Differences in airway epithelium remodeling between TG-OVA and WT-OVA mice were also evident. Goblet cell metaplasia and mucus production were determined in PAS-stained histological sections. PAS positive cells were more abundant in the bronchi of WT-OVA mice than in TG-OVA animals (Figure 2 F–H). At baseline, WT-control and TG-control mice had a few PAS positive cells. Taken together, these findings demonstrate that compared to WT animals, S100A12TG mice have a reduced inflammatory response to OVA sensitization and challenge, suggesting that S100A12 is a negative regulator that attenuates rather than exacerbates allergen-induced airway inflammation.

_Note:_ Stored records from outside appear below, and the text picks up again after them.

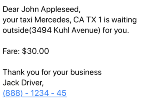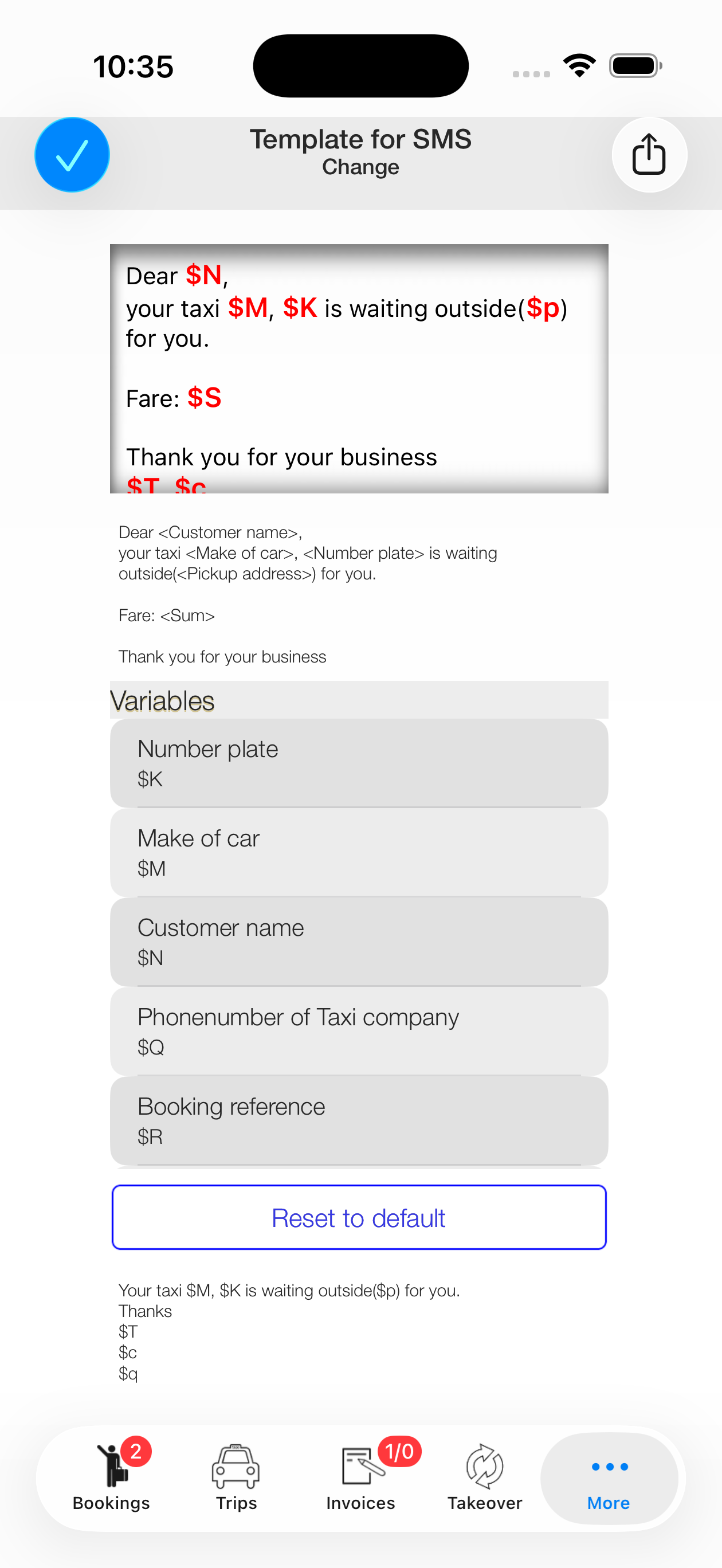 The app Taxi Data Manager provides a mechanism to customize the text. This is a preview of version 4.0, that will incorporate more support for iOS 26 and adds integrated support for WhatsApp. This will be the first version that can sende E-invoices.
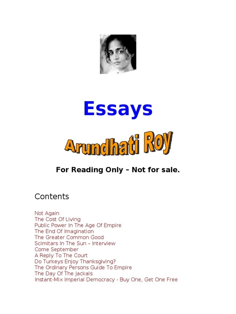 Others take some stand and become outrageous supporters of their views. Critical analysis of arundhati roys come september. Come september transcript of speech on 18 september 2002 and conversation with howard zinn archive of arundhati roy on democracy now. It attempts to put the terrorism of 9 11 into a wider perspective.
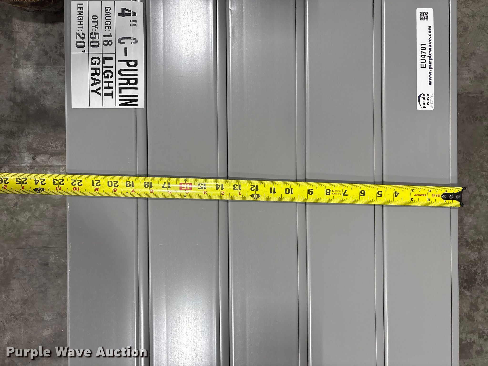 Purple Wave is selling a used Building Materials in Texas. This item is a (50) Doerksen Metal Components C-Purlins with the following: 20' L x 4" W, Possible blemishes
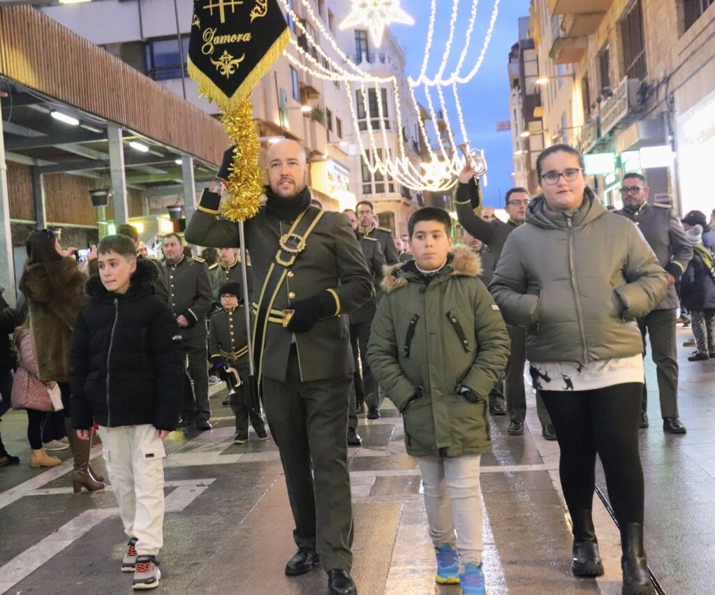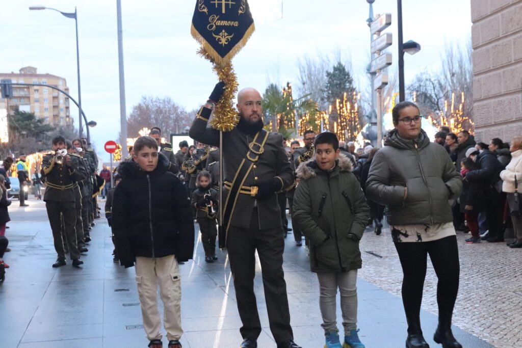 La ilusión de los niños que esperan a Sus Majestades Los Reyes Magos se ha visto incrementada esta tarde con la llegada del Cartero Real -más bien una guapísima cartera-, que ha recorrido las calles acompañado por la Banda de Cornetas y Tambores Ciudad de Zamora para recoger las cartas de los niños y entregárselas a Melchor, Gaspar y Baltasar.
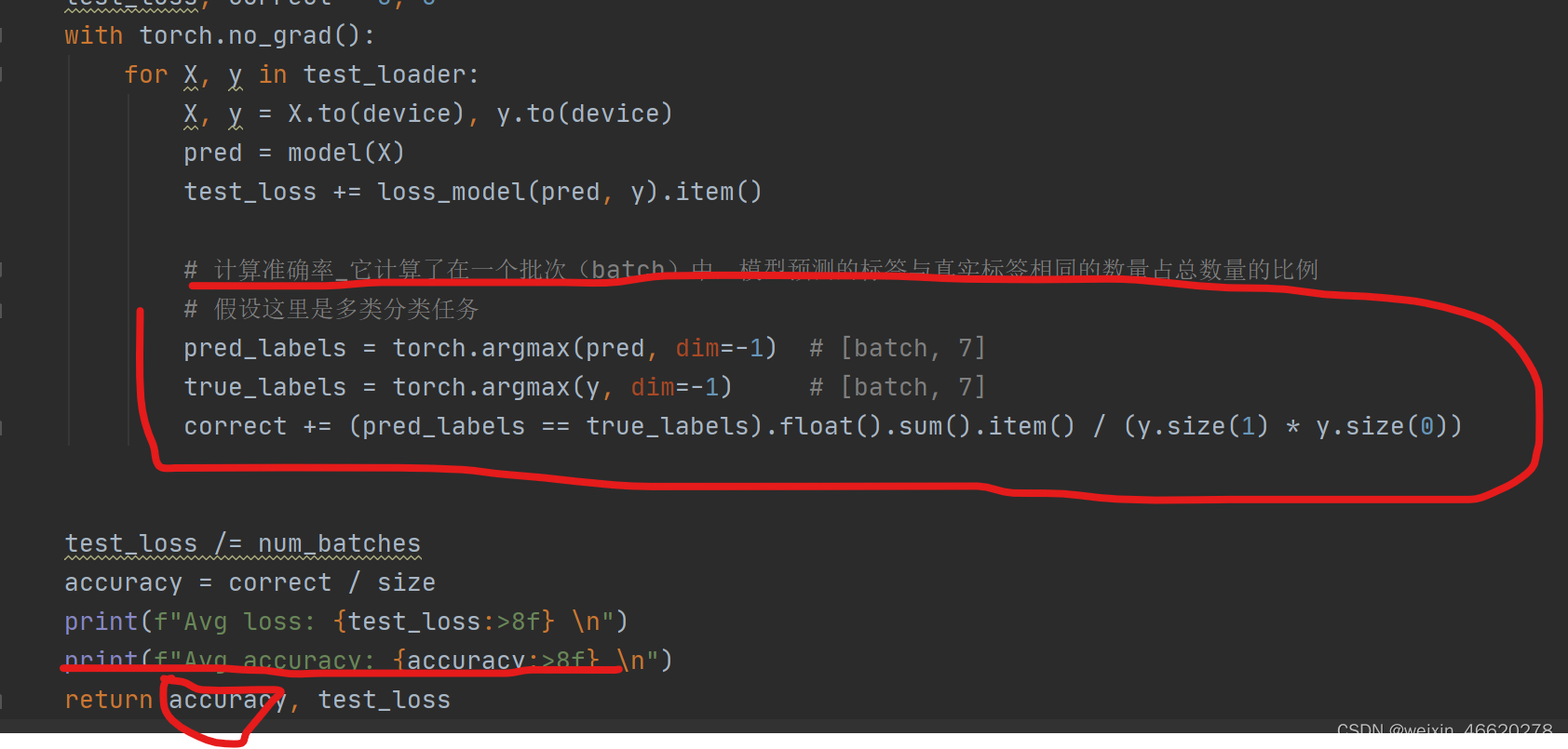 # 计算准确率_它计算了在一个批次(batch)中,模型预测的标签与真实标签相同的数量占总数量的比例
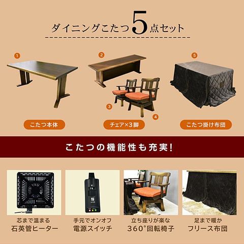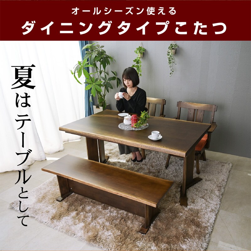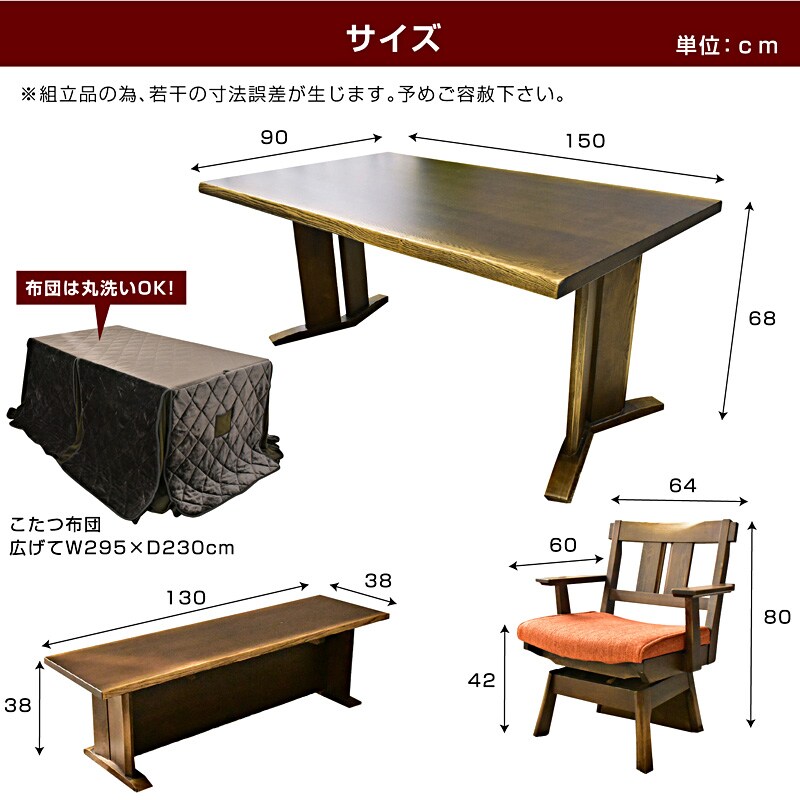 | サイズ(cm) | 【テーブル】幅150×奥90×高68 【チェア】回転いす:幅64×奥60×高80(SH42) ベンチ:幅130×奥38×高38 【こたつ掛け布団】約295×約230 |
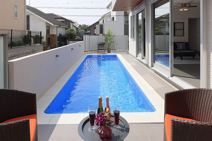 マジラインプールは、オーダーメイド型プール。敷地条件や建物とのつながり、色々なアイディアでプールの形、サイズ、ステップなどをデザイン出来ます。

S100A12 TG mice have undistinguishable humoral responses to WT mice
The reduced airway inflammation seen in OVA-sensitized S100A12 TG mice after exposure to nebulized OVA could potentially result from a deficient control of the humoral immune response during OVA sensitization. Thus, to examine the effects of S100A12 on antibody production, we measured OVA specific IgG1 in the serum of all groups of mice. OVA specific serum IgG1 was not detectable in TG and WT mice at 0 or 12 days after sensitization, but similar levels were found in both strains 24 days after sensitization (Figure 3). These findings indicate that S100A12 TG and WT mice have equivalent capacity of immunoglobulin production after immunization with OVA.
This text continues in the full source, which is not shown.